Thanks in Advance and Merry Christmas!

• -2

 » 5 years ago, # |   +1 Same node can be pushed into queue more than once, those same nodes in queue have distinct costs.It is enough to update queue just with the smallest cost value for a node. That "if" make loops work just once for each node.
•  » » 5 years ago, # ^ |   0 Ok thanks , So, does this code work fine instead of using that line ?
•  » » » 5 years ago, # ^ |   +8 It will work, but you'll have a lot of edge visiting because some input can make your code run in O(n^2 log n). For example, if the edge list looks this (n = 10^5, format "u v w" 1 2 1 1 3 1 1 4 1 1 5 1 ... 1 49999 1 2 50000 2 3 50000 3 4 50000 4 ... 49998 50000 49998 49999 50000 49999 50000 50001 1 50000 50002 1 50000 50003 1 ... 50000 99999 1 50000 10000 1 What's happening here is every node in the range [2: 49999] has an edge from node 1 with a uniform weight of 1. All if them will be visited normally.
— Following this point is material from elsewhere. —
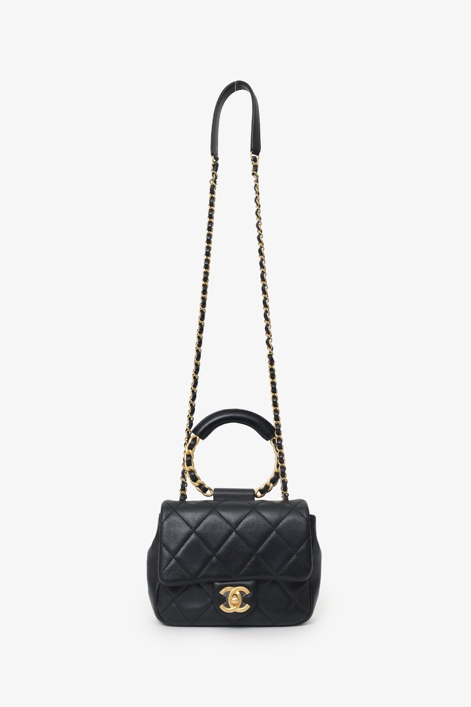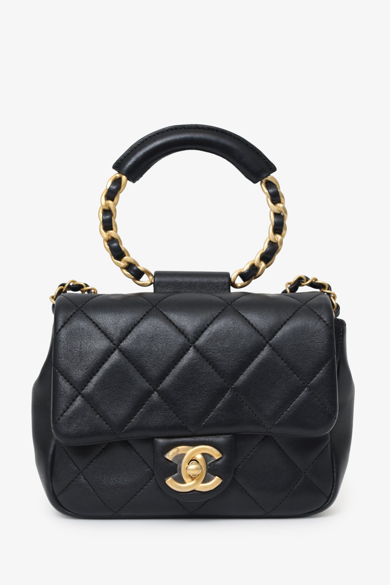 Chanel™ 2019 Black Lambskin Quilted Mini In The Loop Circular Handle Bag

However, once the second batch will be processed, all edges from [2: 49999] will converge to node 50000. Note that d[50000] will be updated 49998 times before visiting node 50000 and thus node 50000 will be pushed that number of times in the priority queue before it will be officially visited. Here comes the hack. Since you are not checking (and breaking) if the visited state has a different min distance, come third wave of edges from 50000 to [50001: 100000] you will end up adding 50000 edges 49998 times. Your algorithm does not fail but it's now O(n^2 log n) instead of O(n log n).That's just one edge case. The one line if (cur_d > d[v]) continue; ensures you visit every node once. You can also do if (visited[u]) continue; right before your for loop in your dijkstra version, and that will do the trick.
•  » » » » 5 years ago, # ^ | ← Rev. 2 →   -10 Hey, Obviously, cur_d will be equal to d[v] , right? because on the line 38 , we are pushing ( -d[to], to ) Correct me please.